Exercise: Retype exactly what runs from the first line of the data to the line with "Camiseta Feminina com", keeping both of those lines and skipping pictures.

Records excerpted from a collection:

══════════════════════════════

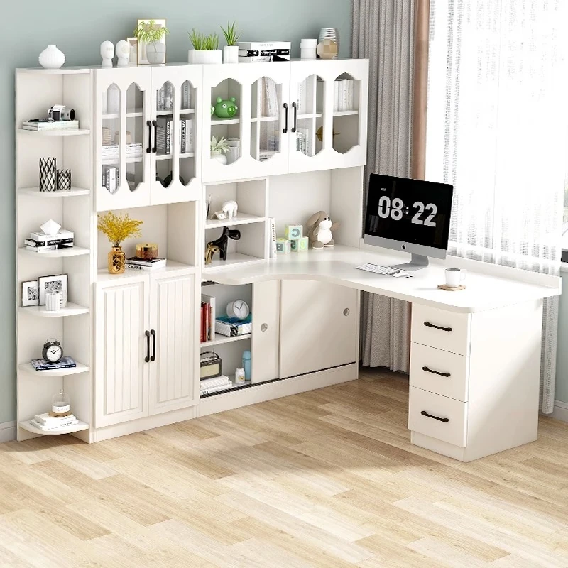 ベイジュー無垢材コーナーデスク&書棚一体型シンプルデザイン|学生のための快適な学習空間を実現!書庫付きコンピューターデスクセット
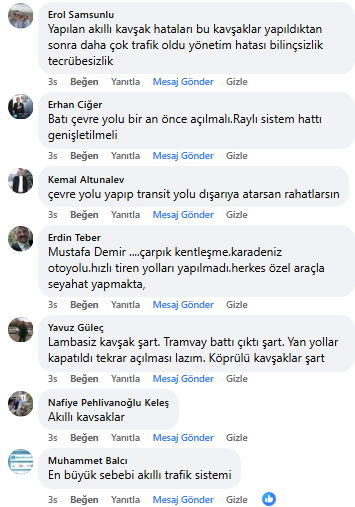 Bazı vatandaşlar ise Batı Çevre Yolu'nun bir an önce açılması ve raylı sistem hattının genişletilmesi gerektiğini belirtti. Erhan Ciğer, "Batı çevre yolu bir an önce açılmalı. Raylı sistem hattı genişletilmeli," dedi.
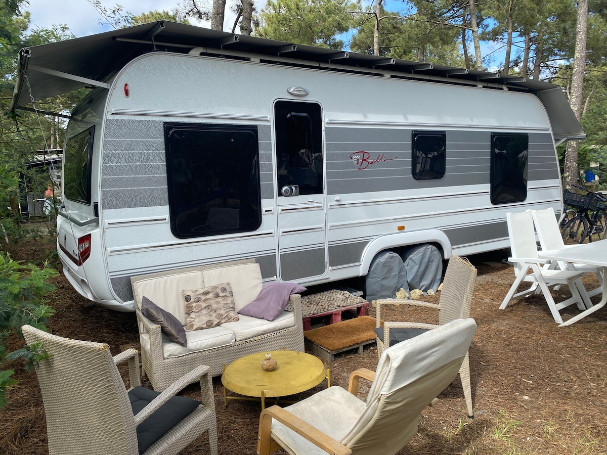 Laissez-vous bercer par les sons de la nature dans ce logement unique à 2 pas de l’océan au sein du cadre idyllique du camping naturiste du CHM (Centre Helio-Marin) Le logement Caravane Bellini de 6,20m de 2016 très bien entretenue. Située dans un quartier très calme (Sables 1594). Elle est composé d’une vraie chambre avec un lit deux places de 140 de largeur. Possibilité de transformer la banquette du salon en lit deux places. La cuisine est bien équipée et la caravane très bien climatisée
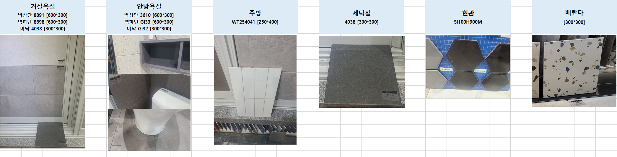 그리고 인테리어 업체에서 타일을 정리해서 보내줬다고 한다. 요렇게 요렇게! 남자친구가 골랐지만 무난무난하니 다 마음에 든다 (다시 한 번 말하지만, 나는 깔끔하고 깨끗하기만 하면 인테리어 신경 안 씀).
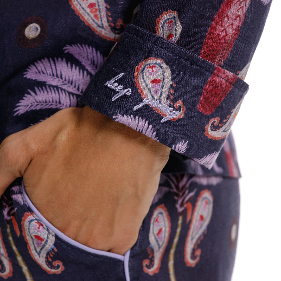 Discover the epitome of comfort and style with our breezy linen long sleeve and pant pajama set. Crafted from high-quality linen fabric, this set ensures breathability and a relaxed feel, making it perfect for all seasons.
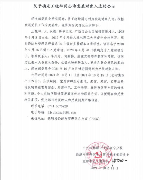 关于确定王晓坤同志为发展对象人选的公示
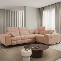 Ecksofa mit Schlaffunktion Nausa III hellbraun linksseitig Samt stilvolles bequemes Ecksofa verstellbare Kopfstützen Container für Bettzeug
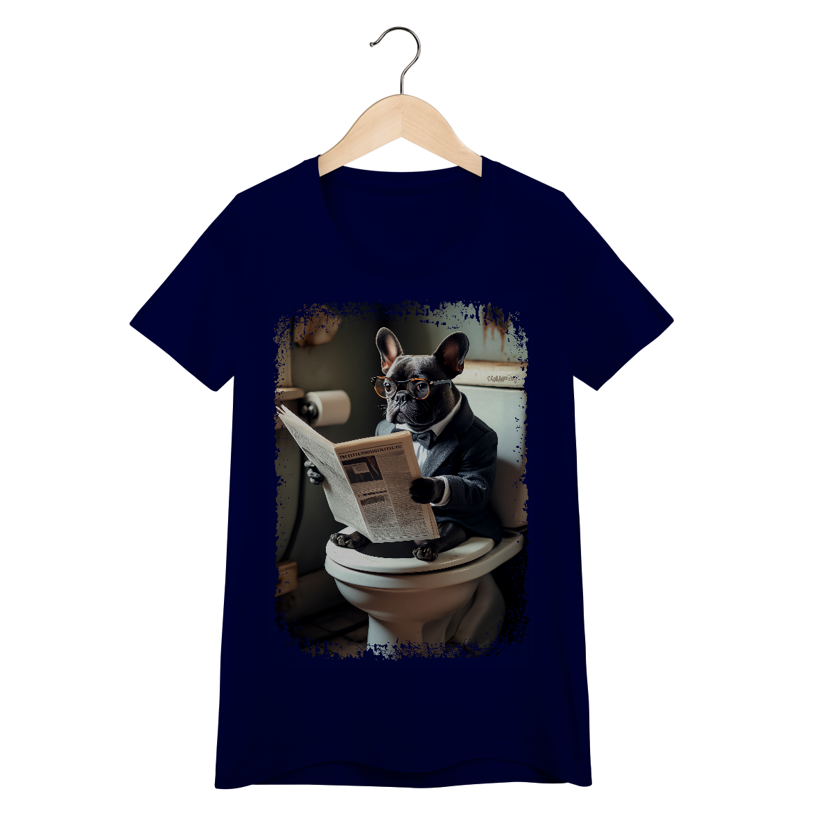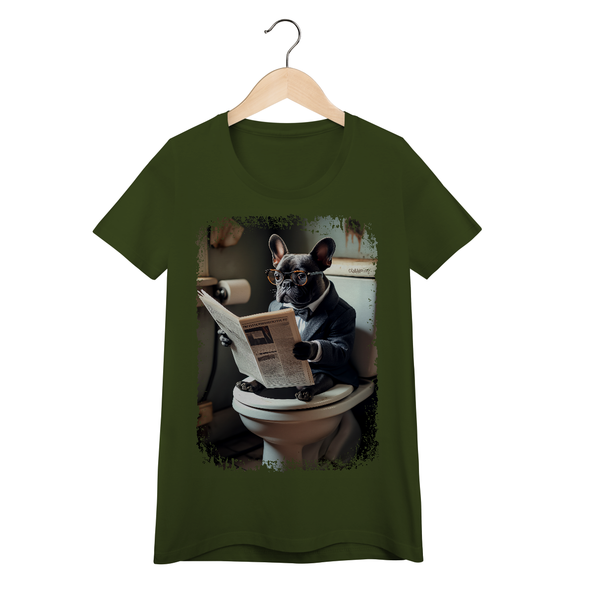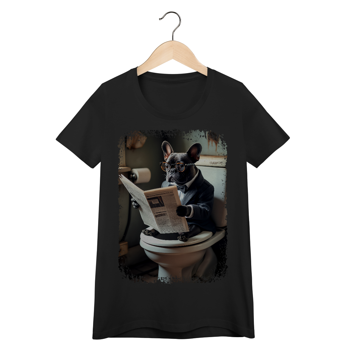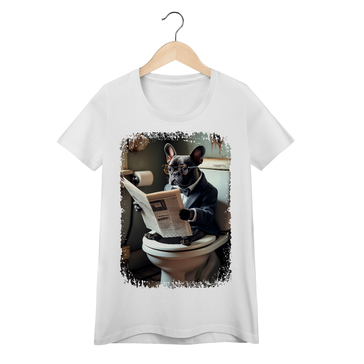 Camiseta Feminina com Buldogue Francês no banheiro, ele está sentado na privada e lendo jornal.
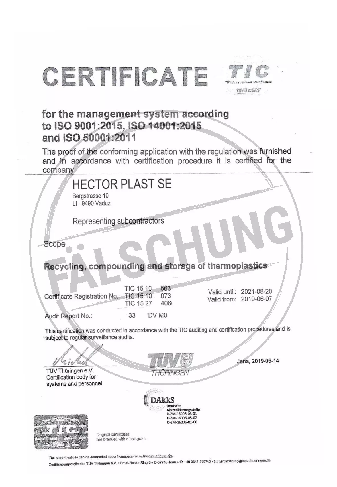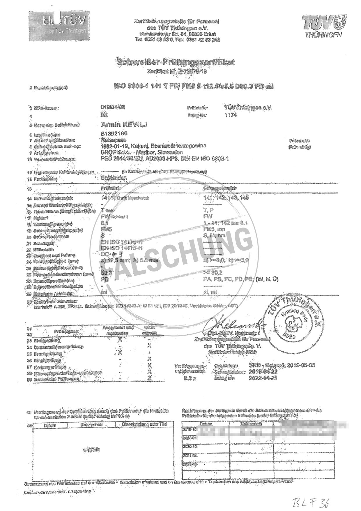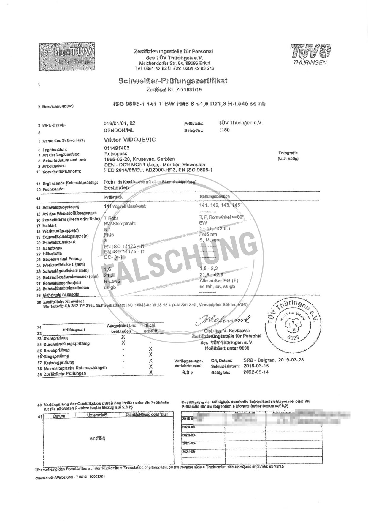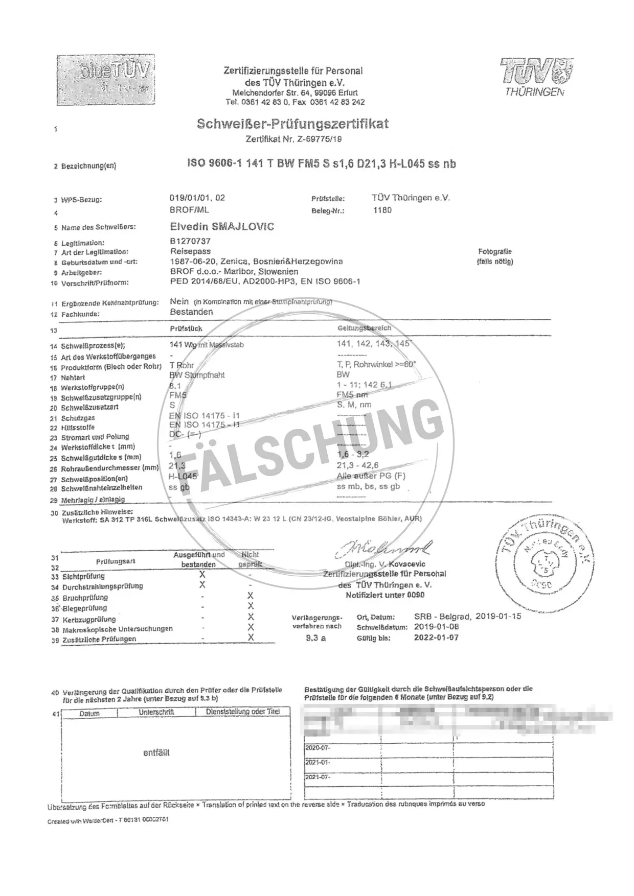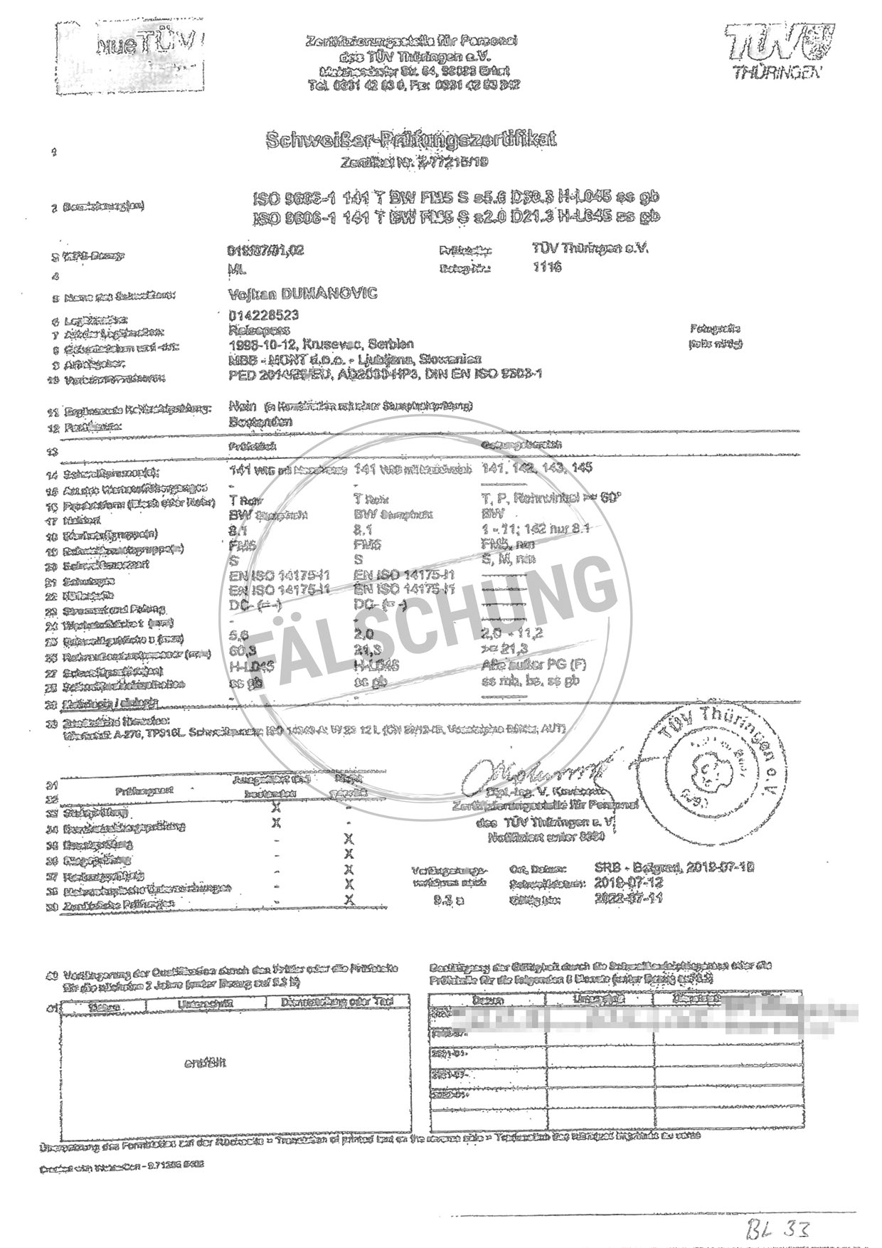 Следующие подделанные знаки контроля и сертификаты TÜV Thüringen, которые ни коим образом нами лично не распространялись, известны нам:
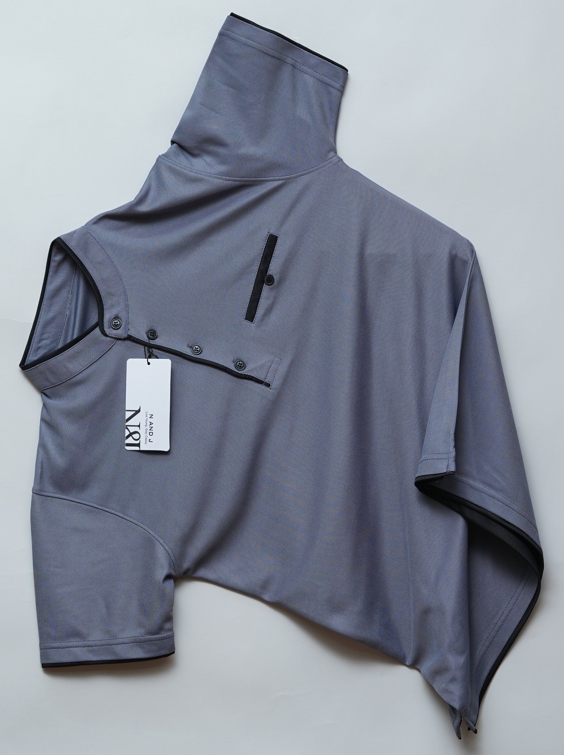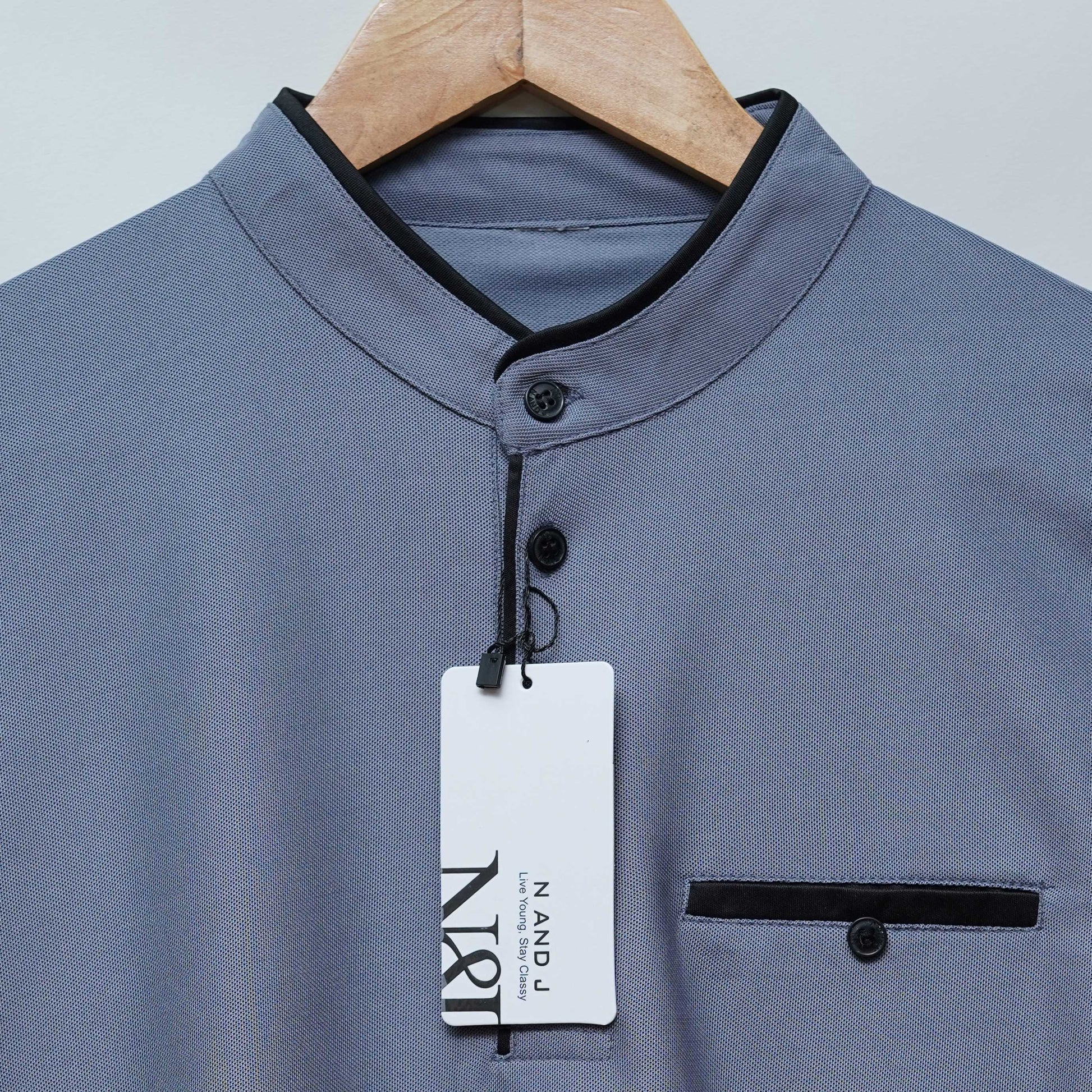 The Henley neckline is accented with contrast piping for a refined edge, while the angled chest pocketcut introduces a bold, design-forward detail that sets this polo apart. Whether you’re headed to a smart casual outing or just keeping it laid-back, this t-shirt effortlessly blends versatility with statement style.
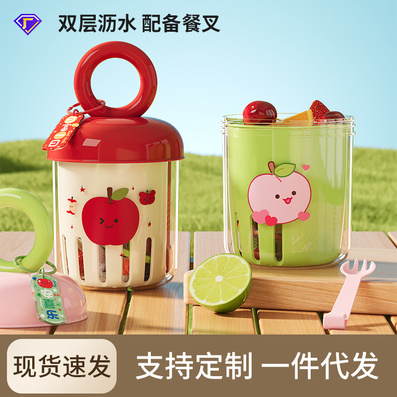 多巴胺水果杯户外便携式密封防漏带叉子酸奶沙拉杯野餐双层沥水杯
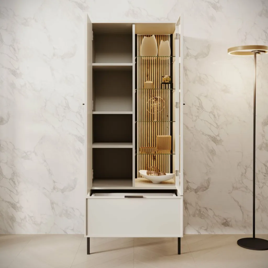 Achter de glazen deur bevinden zich meerdere glazen legplanken die geschikt zijn voor servies, decoratie of verzamelobjecten. De geïntegreerde LED-verlichting in dit vak zorgt ervoor dat de inhoud extra zichtbaar wordt en geeft een subtiel lichteffect in de kast. De verlichting is eenvoudig in en uit te schakelen via een voetdrukschakelaar. De achterwand van het vitrinedeel heeft een decoratief lattenpaneel waardoor de verlichting en de items in de kast extra opvallen.
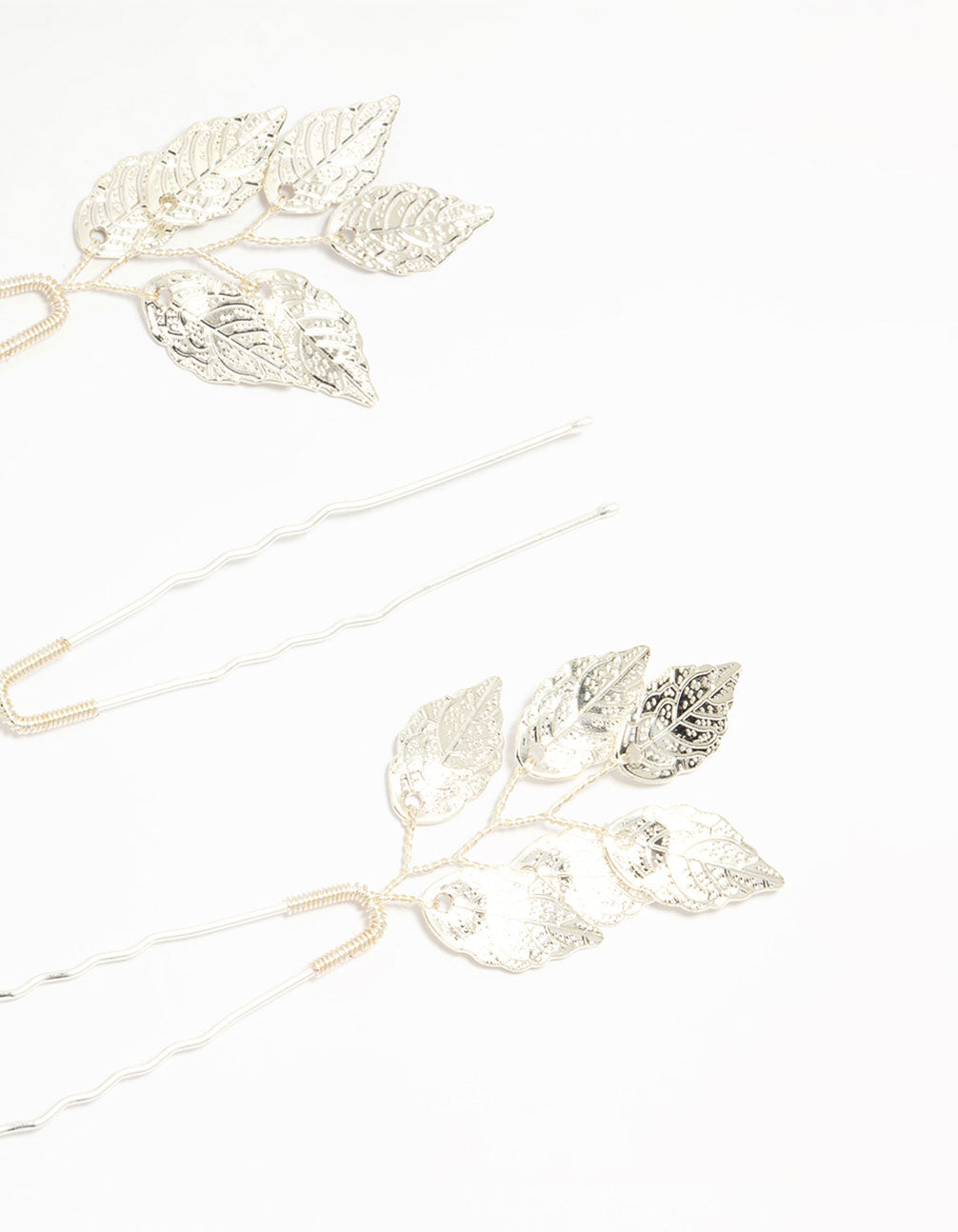 Add a touch of timeless elegance to your look with this Silver Metal Leaf Hair Pins Pack. These stunning hair accessories feature sleek silver-toned leaves, perfect for adding a delicate, nature-inspired flair to any hairstyle. Ideal for brides, bridesmaids, or anyone looking to elevate their special occasion look, these hair pins are versatile and effortlessly chic. Use them to secure loose waves, accent an updo, or add a stylish twist to a half-up style. Whether you're walking down the aisle or attending a glamorous event, these silver hair pins pair beautifully with flowing dresses, sparkling jewellery, and romantic vibes.

══════════════════════════════

Result for this task:
 ベイジュー無垢材コーナーデスク&書棚一体型シンプルデザイン|学生のための快適な学習空間を実現!書庫付きコンピューターデスクセット
 Bazı vatandaşlar ise Batı Çevre Yolu'nun bir an önce açılması ve raylı sistem hattının genişletilmesi gerektiğini belirtti. Erhan Ciğer, "Batı çevre yolu bir an önce açılmalı. Raylı sistem hattı genişletilmeli," dedi.
 Laissez-vous bercer par les sons de la nature dans ce logement unique à 2 pas de l’océan au sein du cadre idyllique du camping naturiste du CHM (Centre Helio-Marin) Le logement Caravane Bellini de 6,20m de 2016 très bien entretenue. Située dans un quartier très calme (Sables 1594). Elle est composé d’une vraie chambre avec un lit deux places de 140 de largeur. Possibilité de transformer la banquette du salon en lit deux places. La cuisine est bien équipée et la caravane très bien climatisée
 그리고 인테리어 업체에서 타일을 정리해서 보내줬다고 한다. 요렇게 요렇게! 남자친구가 골랐지만 무난무난하니 다 마음에 든다 (다시 한 번 말하지만, 나는 깔끔하고 깨끗하기만 하면 인테리어 신경 안 씀).
 Discover the epitome of comfort and style with our breezy linen long sleeve and pant pajama set. Crafted from high-quality linen fabric, this set ensures breathability and a relaxed feel, making it perfect for all seasons.
 关于确定王晓坤同志为发展对象人选的公示
 Ecksofa mit Schlaffunktion Nausa III hellbraun linksseitig Samt stilvolles bequemes Ecksofa verstellbare Kopfstützen Container für Bettzeug
 Camiseta Feminina com Buldogue Francês no banheiro, ele está sentado na privada e lendo jornal.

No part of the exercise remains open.